I haven't written a blog post in quite a while largely because my depression and anxiety have taken a bit of a turn for the worse.  Last summer's cardiac scare, caused by side effects of the various psychiatric drugs I was on at the time, and my subsequent dismissal from the Mood Disorder Program at the Royal Ottawa Hospital - brought about by my decision to largely stay off medication following said cardiac scare - right around a very hectic Christmas season seems to have been a tipping point.  Wow, that's a run-on sentence for you.  A clear sign I am out of practice.

So, my state of mind has not been great.  Every little task, even the most trivial, requires a great amount of effort.  Getting out of bed in the morning or brushing my teeth is a daily fight with myself.  During a good week I manage to shave once.  I cling religiously to making sure I work out at least three times a week, though that often means little else gets done on those days.  However, my workouts are the rare times when I don't feel like absolute crap.  We live at risk of our abode being "that house" in the neighbourhood as I have difficulty getting around to the yard work that needs to be done.  Shrubs and grass are overgrown and weeds are taking over the lawn.  Mostly, I fight to fulfill my absolute obligations - going with Kate to her many medical appointments, getting Lena to her activities, cooking and cleaning up around the house with each activity requiring a lot of self-talk to work up the motivation and energy, and each activity, however minor, leave me feeling spent.  I find no, or on a good day little, pleasure in anything.

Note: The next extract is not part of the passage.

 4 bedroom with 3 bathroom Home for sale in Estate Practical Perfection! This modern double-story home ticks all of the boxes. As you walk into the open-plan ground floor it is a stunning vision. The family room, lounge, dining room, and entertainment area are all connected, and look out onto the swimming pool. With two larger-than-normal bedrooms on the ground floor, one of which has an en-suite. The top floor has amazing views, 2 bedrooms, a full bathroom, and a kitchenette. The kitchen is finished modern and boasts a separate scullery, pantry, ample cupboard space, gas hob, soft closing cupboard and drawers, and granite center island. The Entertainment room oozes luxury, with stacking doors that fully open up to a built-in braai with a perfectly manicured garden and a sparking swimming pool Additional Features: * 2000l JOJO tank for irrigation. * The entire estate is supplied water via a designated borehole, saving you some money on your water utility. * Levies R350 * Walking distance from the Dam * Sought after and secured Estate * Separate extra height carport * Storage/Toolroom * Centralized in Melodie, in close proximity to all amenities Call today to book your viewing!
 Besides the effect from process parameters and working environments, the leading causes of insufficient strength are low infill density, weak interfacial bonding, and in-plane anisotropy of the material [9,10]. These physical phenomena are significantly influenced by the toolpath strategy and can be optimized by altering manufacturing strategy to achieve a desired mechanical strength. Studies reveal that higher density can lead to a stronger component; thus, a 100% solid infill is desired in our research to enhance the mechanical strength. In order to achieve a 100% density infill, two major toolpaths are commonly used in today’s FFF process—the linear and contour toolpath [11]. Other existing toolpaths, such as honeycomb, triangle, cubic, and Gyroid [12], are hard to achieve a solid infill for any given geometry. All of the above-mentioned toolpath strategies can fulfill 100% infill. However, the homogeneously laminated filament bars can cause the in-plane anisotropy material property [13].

I live my life with my stomach in constant knots and a profound sadness clouding my mind.  This is no way to live.  Every day is an agony that is difficult to describe.  The great irony is that getting out from under the weight of depression and anxiety requires a lot of work, which, in turn, is difficult to accomplish when you are crushed by the very affliction you are trying to lift off.

Nonetheless, my therapist and I work to try to get things back on track.  Taking baby steps - doing things that I would normally enjoy or would usually be good at, even in small doses, will help light the way out of this very dark tunnel.  So, I will try to write some blog entries - blogging therapy.  Finding the time and energy to do my Cognitive Behavioural Therapy, and pursuing other strategies - in other words, putting in the work - may be my salvation.  I am so tired - eroded is a good adjective - of living like this that I feel a small spark of motivation to get on with it. 

Though I will try to rededicate myself somewhat to my blog-as-therapy, I promise, this will be the last post for a while about my depression.  It consumes me enough.